In Africa, two worlds of fintech are growing side by side.
They’re so similar, yet so different.
One is local, older, and built on mobile money and digital payments.
It moves over USD 1.5 trillion each year.
And settles payments faster than what the Automatic Clearing House (ACH) does in the United States
Let’s call this the Old World.
The other is global, built on stable coins—digital currencies—and powers remittances and cross-border payments.
This one moved over USD 50 billion across Africa last year alone.
This is the New World.
There’s just one problem: both worlds don’t work well together.
But before I tell you why…
Let’s go see the Old World
Twenty years ago, most Africans kept their money in cash.
There were many banks around, but very little banking was happening.
As of 2005, there were over 700 commercial banks on the continent. Yet, only 15% of Africans had a bank account.
Cash was easier to carry, use, and receive.
Sure, banks could keep your money safe.
But they came with trade-offs:
You had to enter a bank building to use their services. Most bank branches were few and far between.

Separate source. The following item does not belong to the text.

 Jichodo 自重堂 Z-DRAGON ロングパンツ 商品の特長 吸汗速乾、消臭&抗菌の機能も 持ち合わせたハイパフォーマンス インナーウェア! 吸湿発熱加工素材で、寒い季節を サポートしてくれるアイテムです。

Using them was slow and painful.
And if the bank went under, so did people’s money
Societe Generale Nigeria, one of the early banks in Nigeria, went bankrupt in 2006, and thousands of Nigerians lost their money
So, African economies grew up on cash.
But that also came with problems.
Unless you were paying in person, it was pretty slow.

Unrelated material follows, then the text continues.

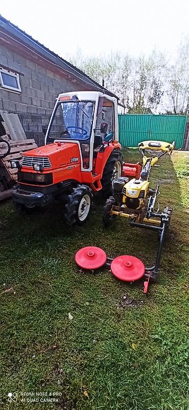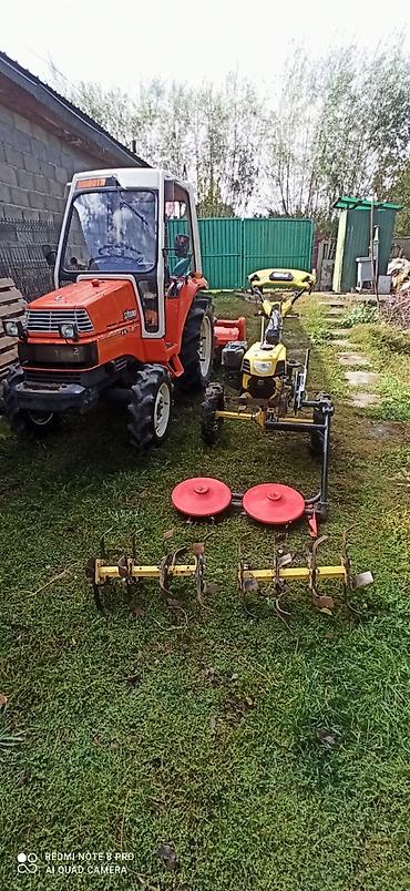 Рядом на фото — компактный трактор-минитрактор Kubota с кабиной (иллюстрация масштаба, не указан как часть комплекта на снимках). Основной предмет — мотоблок с указанными навесами.
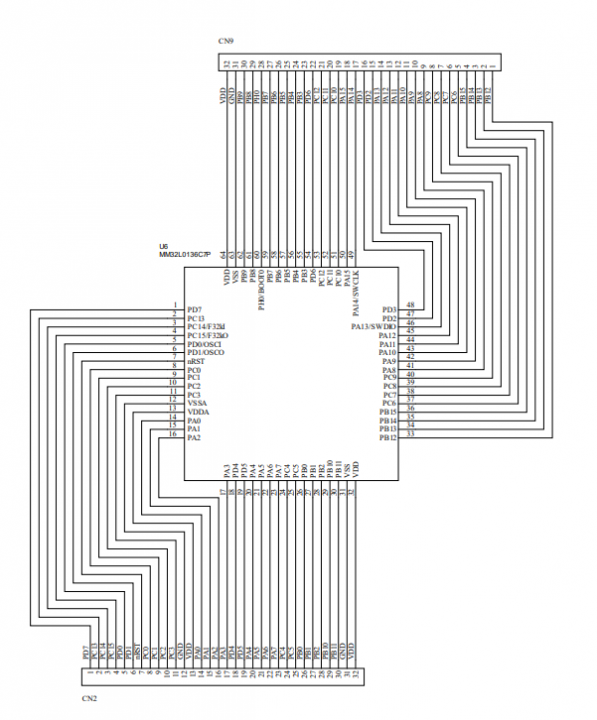 1、所有的io口全部引出来了,如图中的CN2和CN9:

And carrying it around came with the risk of theft.
Then, in 2007, mobile money happened.
At that point, mobile phones had been growing explosively for almost ten years.

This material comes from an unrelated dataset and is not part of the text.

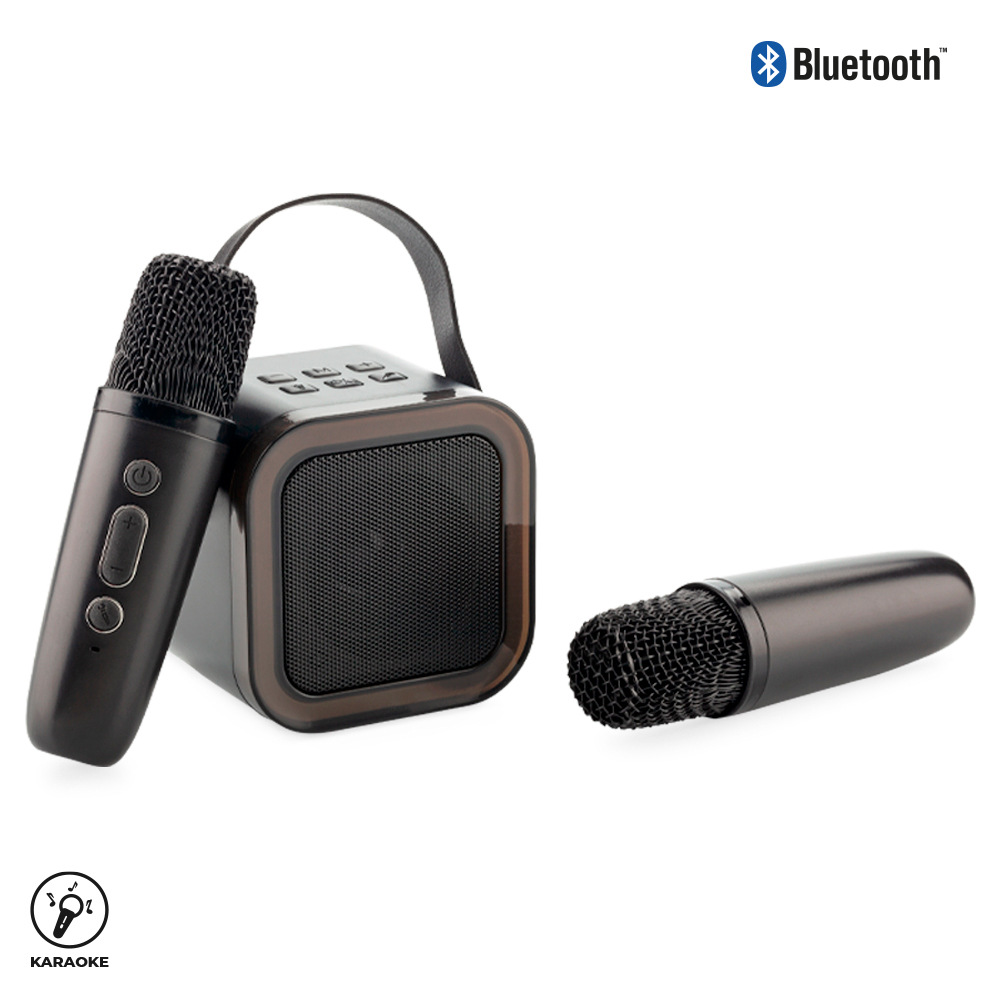 Speaker Bluetooth Karaoke plástico de 6w. Batería incorporada de 800mAh. Con luz multicolor, entradas USB, Tipo C y tarjeta SD (no incluida). Conexión para audífonos. Con manija en imitación cuero para cargar. Incluye micrófono inalámbrico con carga por cable Tipo C. Empaja caja individual.

And telcos figured out something the banks hadn’t: SIM cards could act as mobile wallets.
People could keep money in these wallets and pay for things with it, bypassing cash and banks altogether.

M-PESA of Kenya and later Tanzania, was the first of this new breed of banking that worked out.
At the end of its first year, 2 million people had signed up.
And USD 53 million worth of payments had happened.
In 2007, MTN also launched its first mobile money service in Uganda, and it has grown into 200 million wallets across Africa today
Naturally, banks had no choice. Someone had just invented a faster, better alternative.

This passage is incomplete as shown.